Where BOM comes from: PowerShell's Out-File and Set-Contentdefault to UTF-8-with-BOM on Windows PowerShell 5.x. Some older Microsoft tools (Excel CSV export, Notepad before Windows 10 1903) write BOM automatically. A few Java libraries do too. The fix is at the producer — change the encoding setting to UTF-8-no-BOM — or strip the prefix at the consumer if you can't control the producer.

Parser behavior survey: Node.js JSON.parse throws on BOM. Python json.loads throws (the BOM appears as U+FEFF at the start and json fails to find a valid token there). Go encoding/json rejects. jq rejects.
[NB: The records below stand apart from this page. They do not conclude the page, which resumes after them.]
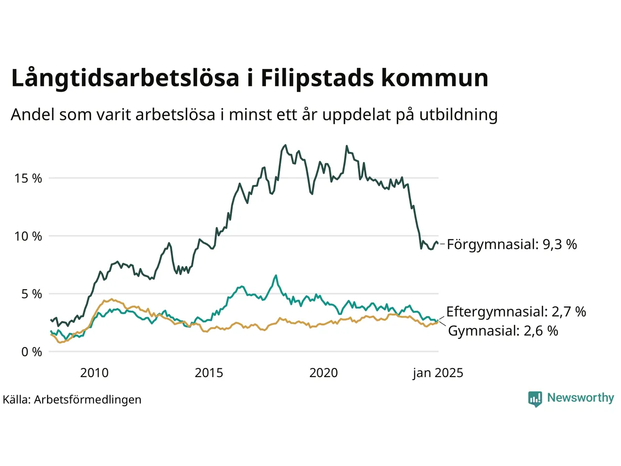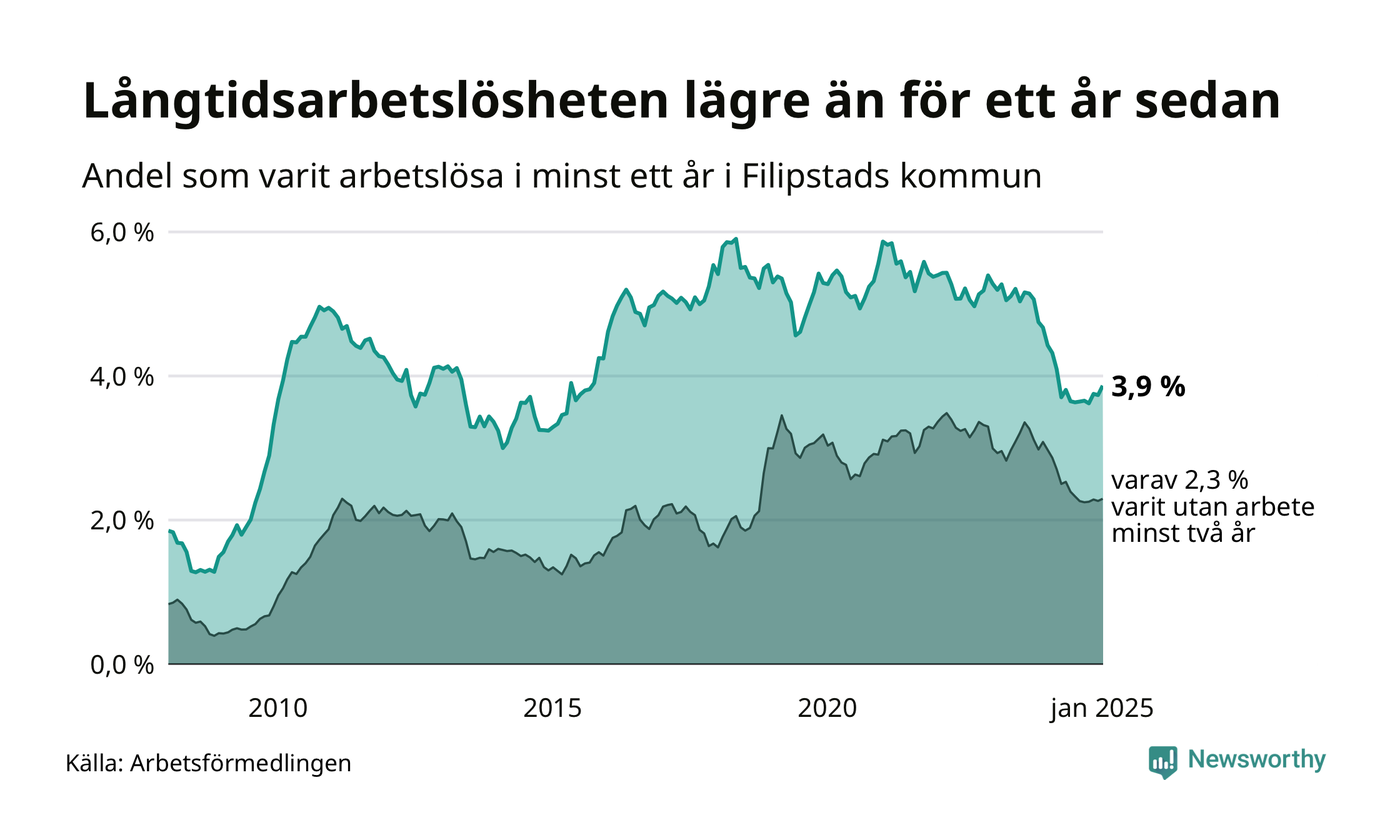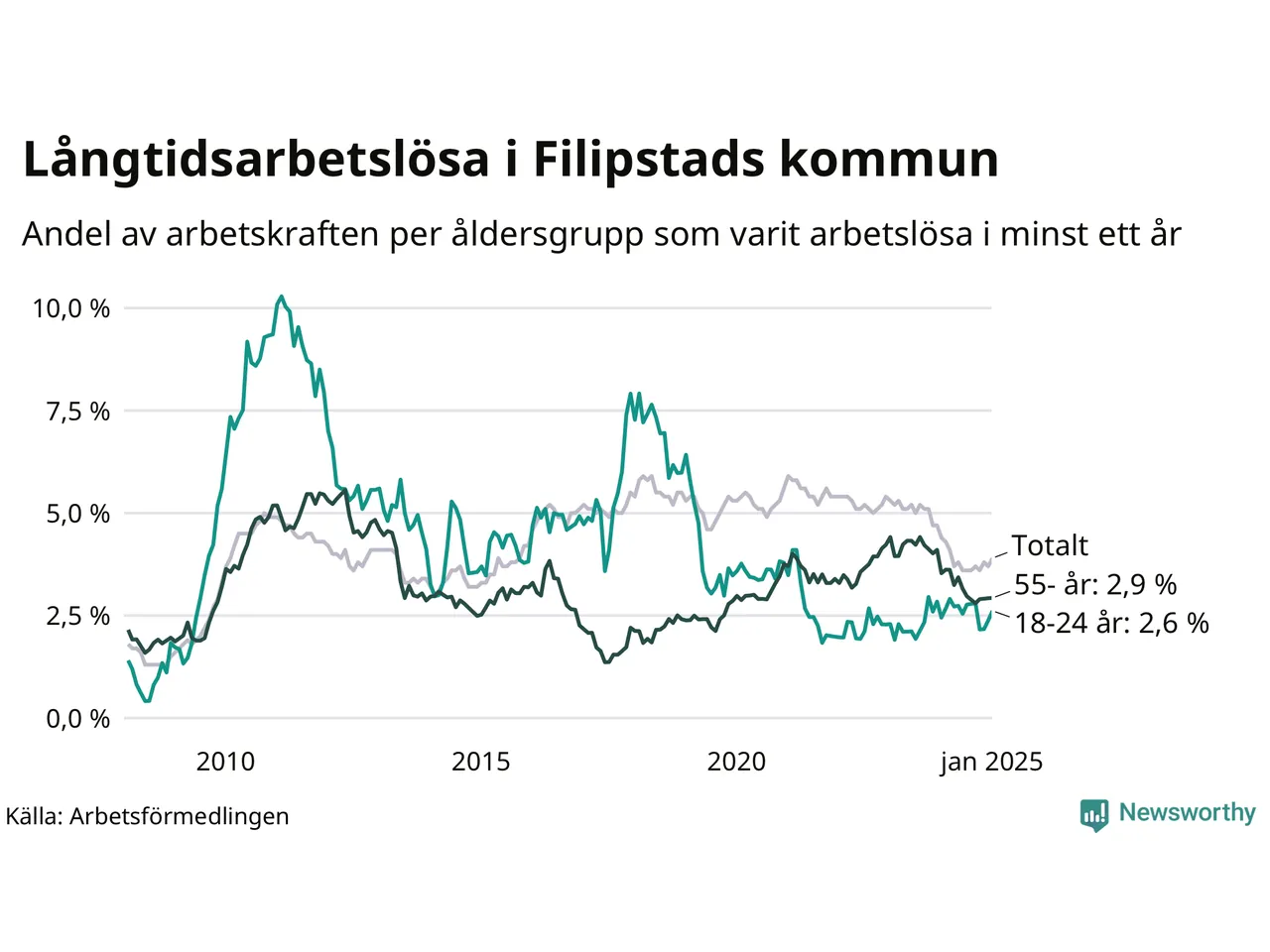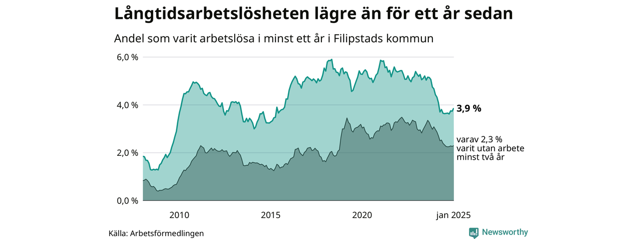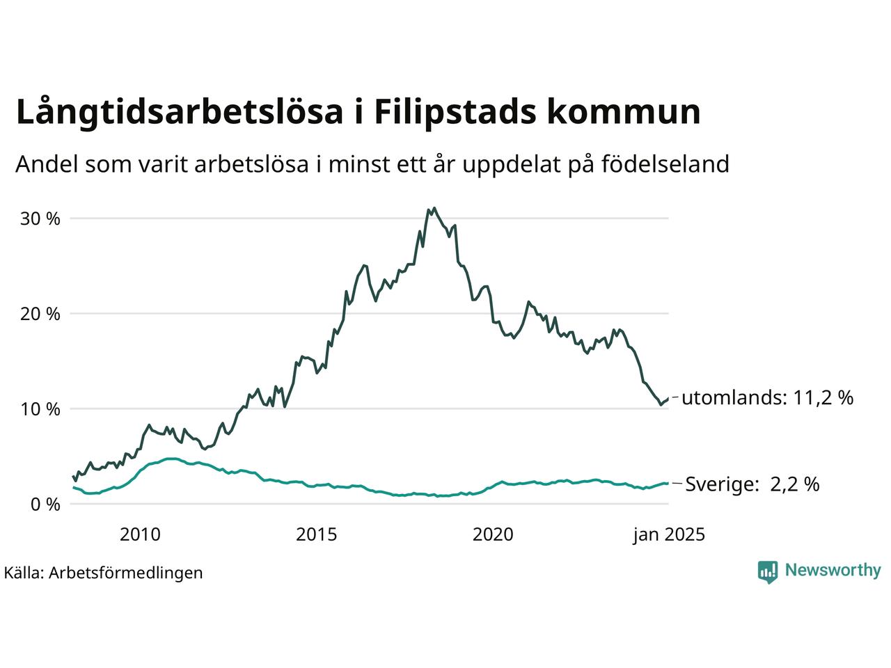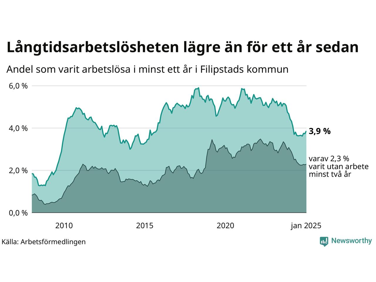 I januari hade 160 Filipstadsbor varit arbetslösa i minst ett år, vilket är fem fler än månaden innan. 160 personer motsvarar 3,9 procent av arbetskraften i kommunen – andelen långtidsarbetslösa är 0,5 procentenheter lägre än samma månad för ett år sedan.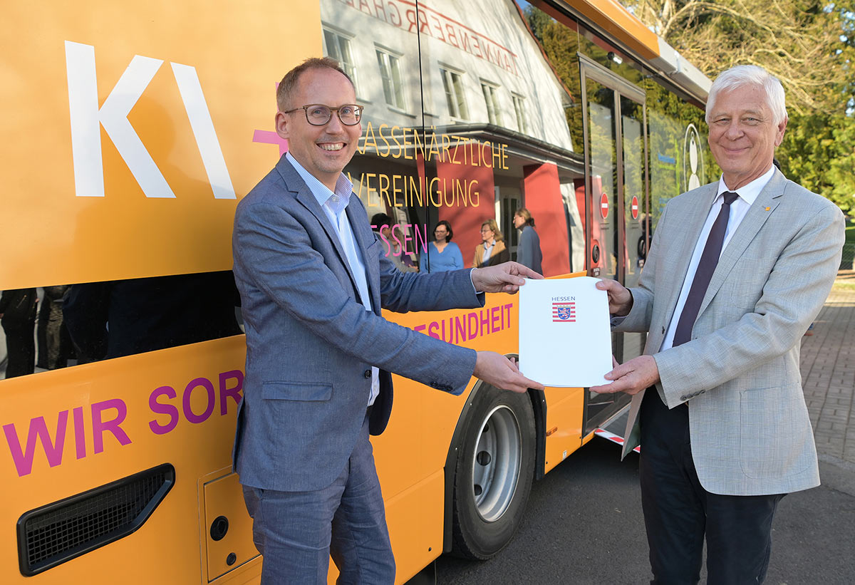 Im Rahmen des neuen Projekts Medibus 2.0 wurde das mit Landesmitteln in Höhe von ca. 1,4 Millionen Euro geförderte Leistungsspektrum der rollenden Praxis noch einmal erweitert. Hierfür hat Sozialminister Kai Klose am Mittwoch vor Ort einen Förderbescheid an Dr. Eckhard Starke, den stellvertretenden Vorstandsvorsitzenden der KV Hessen, übergeben.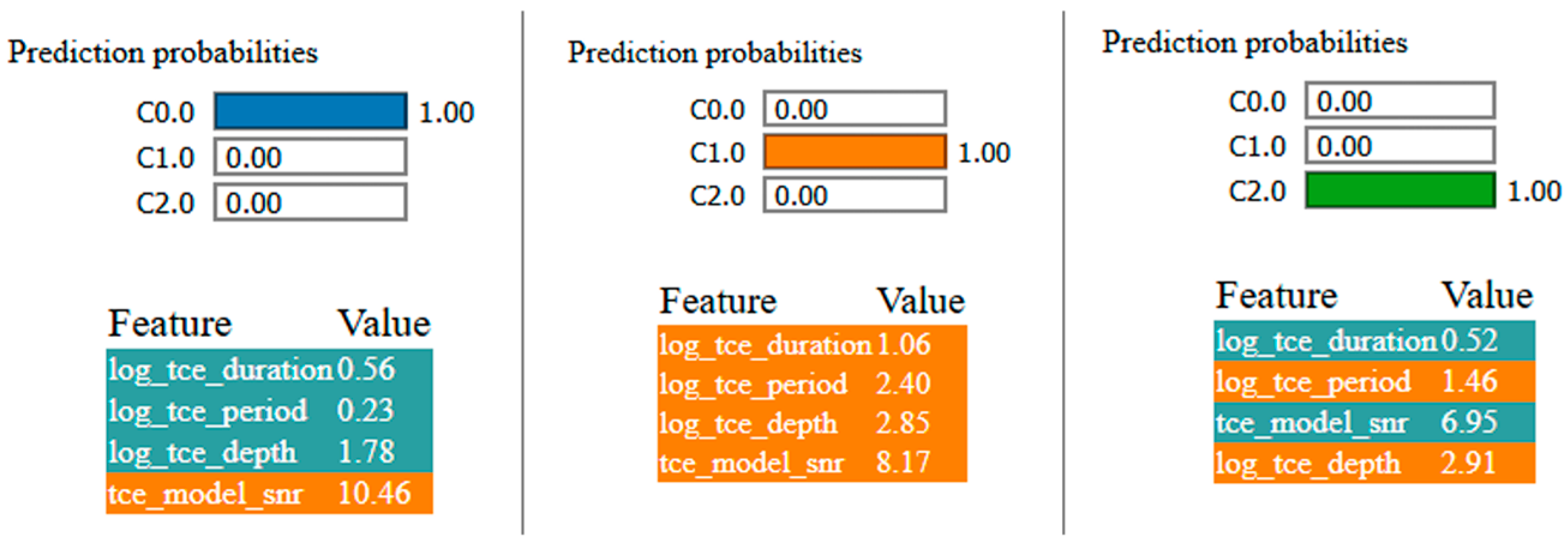The combination of XGBoost and XAI tools provided interpretability at two complementary levels of the FAS-XAI pipeline. In the cluster consistency phase, SHAP, LIME, and ELI5 were applied to the model trained to reproduce fuzzy memberships, revealing the main factors driving each cluster and offering both global and local explanations of the fuzzy segmentation. In the KOI classification phase, SHAP values were used to interpret the supervised model distinguishing CONFIRMED, CANDIDATE, and FALSE POSITIVE cases, identifying the signal and fuzzy variables that most strongly influenced each disposition.

The browser fetch().json() rejects. Treat BOM as broken input and fix it upstream.

Content-Type: application/json — charset parameter is forbidden

The IANA media type registration for application/json explicitly lists no required or optional parameters. RFC 8259 §11 confirms this — the only legal Content-Type header for JSON is application/json with nothing after it. A charset parameter is technically a spec violation because the encoding is already fixed by the JSON format itself.

// CORRECT — spec-conformant
Content-Type: application/json

// COMMON BUT TECHNICALLY WRONG — every client tolerates it,
// but it's not what the spec says to send
Content-Type: application/json; charset=utf-8

// Express.js — res.json() ships the correct header by default
res.json({ ok: true })
// → Content-Type: application/json; charset=utf-8  ← Express adds charset

// To strip the charset parameter:
res.set('Content-Type', 'application/json').send(JSON.stringify({ ok: true }))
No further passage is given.